_What you have to do_: Repeat the entries below exactly as they appear, with no pictures.

*** Records Section Begins ***

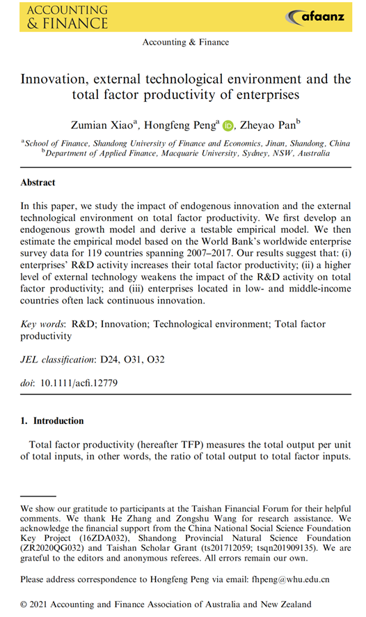 开云体育 肖祖沔副教授作为第一作者与开云体育 彭红枫教授、澳大利亚麦考瑞大学潘哲耀助理教授合作的论文“Innovation, external technological environment and the total factor productivity of enterprises”在期刊《Accounting & Finance》发表(2021年3月Online)。该期刊是金融学SSCI二区期刊,2020年影响因子为2.942,属我校A1期刊。
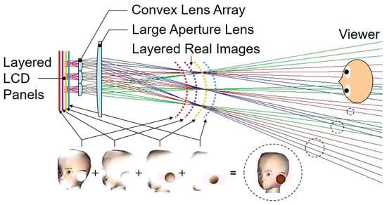 However, the effect of stereoscopy in a CII display depends on the parallax offered by multiple views, which can limit its capability to present the 3D images with substantial depth. To address this limitation, a CIVI has been introduced that combines the multi-view approach of CII with a volumetric solution [14]. In this configuration, instead of a single-layer display panel, multiple layers of transmissive LCD display panels are utilized. As illustrated in Figure 2, this arrangement generates multiple real image planes in the air through the lenses. Different sections of the 3D model are displayed on different LCD panels according to their z-axis positions. Due to the sequential passage of light through multiple LCD layers from the light source, rendering the unused pixels on each panel as white enables the viewers to perceive layered real images of the 3D model. To achieve the representation of pixels between discrete image planes, a depth-fused 3D (DFD) approach [25,26,27] is applied.
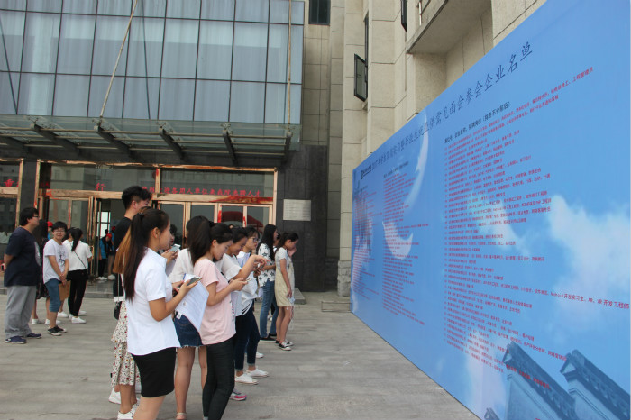 学院2017届毕业生、2015级顶岗实习学生近3000人参加了本次供需见面会。见面会现场人头攒动、气氛十分热烈。同学们通过图文信息中心广场前的大型展板了解到前来参加招聘的企业名单以及岗位需求等情况,并根据自身条件、专业方向以及求职意向,主动到各公司招聘展台前咨询岗位需求、薪资福利等详细情况。企业代表们纷纷抛出橄榄枝,招贤纳士,主动向同学们介绍公司概况、岗位需求等具体情况。不少企业与学生当场达成初步签约意向,双选共赢效果明显。
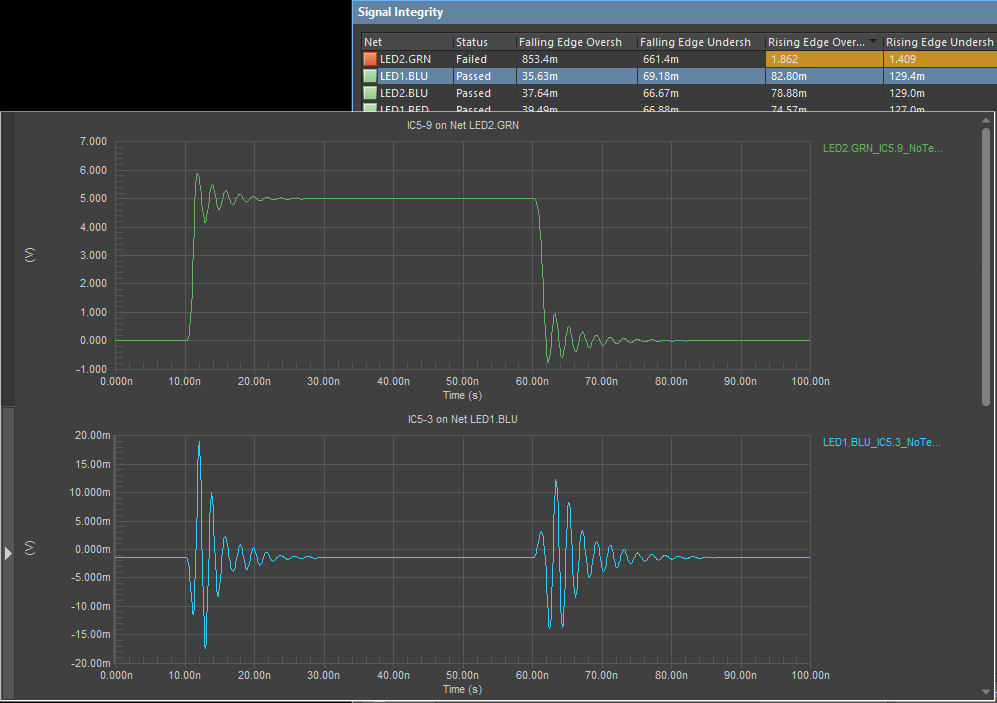 在設(shè)計(jì)階段,一些更先進(jìn)的ECAD軟件包可以用于在一些簡(jiǎn)單的仿真中識(shí)別信號(hào)完整性問題。可以一起執(zhí)行的兩個(gè)標(biāo)準(zhǔn)仿真是串?dāng)_波形計(jì)算和振鈴/反射波形。兩種仿真都需要為PCB布局布線中的驅(qū)動(dòng)元件定義邏輯系列,您可以在數(shù)據(jù)表中找到。這些仿真非常清楚地顯示了互連之間的端接和間距的有效性,請(qǐng)參閱下文的互連瞬態(tài)響應(yīng)。
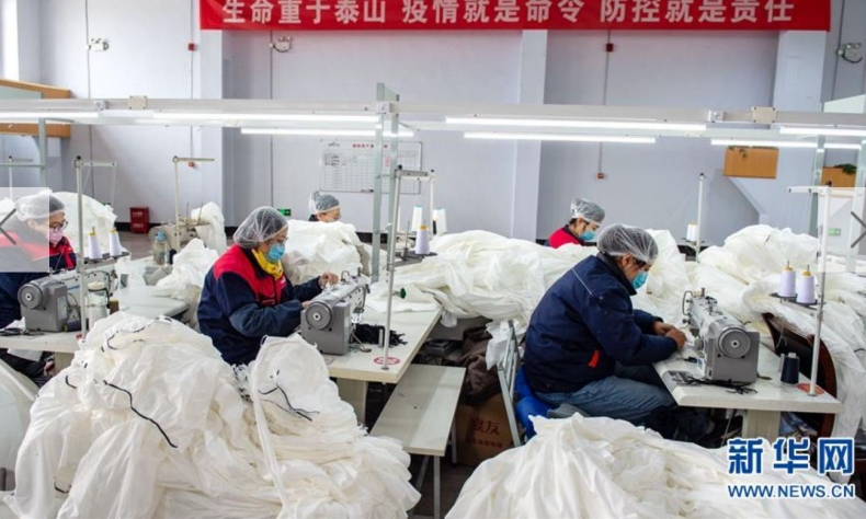 A protective clothing manufacturer in Handan, Hebei Province gears up its productions on February 6 to meet the rising demands for medical protective suits during the period of this raging epidemic.

*** Records Section Ends ***

_Answer for this exercise_:
 开云体育 肖祖沔副教授作为第一作者与开云体育 彭红枫教授、澳大利亚麦考瑞大学潘哲耀助理教授合作的论文“Innovation, external technological environment and the total factor productivity of enterprises”在期刊《Accounting & Finance》发表(2021年3月Online)。该期刊是金融学SSCI二区期刊,2020年影响因子为2.942,属我校A1期刊。
 However, the effect of stereoscopy in a CII display depends on the parallax offered by multiple views, which can limit its capability to present the 3D images with substantial depth. To address this limitation, a CIVI has been introduced that combines the multi-view approach of CII with a volumetric solution [14]. In this configuration, instead of a single-layer display panel, multiple layers of transmissive LCD display panels are utilized. As illustrated in Figure 2, this arrangement generates multiple real image planes in the air through the lenses. Different sections of the 3D model are displayed on different LCD panels according to their z-axis positions. Due to the sequential passage of light through multiple LCD layers from the light source, rendering the unused pixels on each panel as white enables the viewers to perceive layered real images of the 3D model. To achieve the representation of pixels between discrete image planes, a depth-fused 3D (DFD) approach [25,26,27] is applied.
 学院2017届毕业生、2015级顶岗实习学生近3000人参加了本次供需见面会。见面会现场人头攒动、气氛十分热烈。同学们通过图文信息中心广场前的大型展板了解到前来参加招聘的企业名单以及岗位需求等情况,并根据自身条件、专业方向以及求职意向,主动到各公司招聘展台前咨询岗位需求、薪资福利等详细情况。企业代表们纷纷抛出橄榄枝,招贤纳士,主动向同学们介绍公司概况、岗位需求等具体情况。不少企业与学生当场达成初步签约意向,双选共赢效果明显。
 在設(shè)計(jì)階段,一些更先進(jìn)的ECAD軟件包可以用于在一些簡(jiǎn)單的仿真中識(shí)別信號(hào)完整性問題。可以一起執(zhí)行的兩個(gè)標(biāo)準(zhǔn)仿真是串?dāng)_波形計(jì)算和振鈴/反射波形。兩種仿真都需要為PCB布局布線中的驅(qū)動(dòng)元件定義邏輯系列,您可以在數(shù)據(jù)表中找到。這些仿真非常清楚地顯示了互連之間的端接和間距的有效性,請(qǐng)參閱下文的互連瞬態(tài)響應(yīng)。
 A protective clothing manufacturer in Handan, Hebei Province gears up its productions on February 6 to meet the rising demands for medical protective suits during the period of this raging epidemic.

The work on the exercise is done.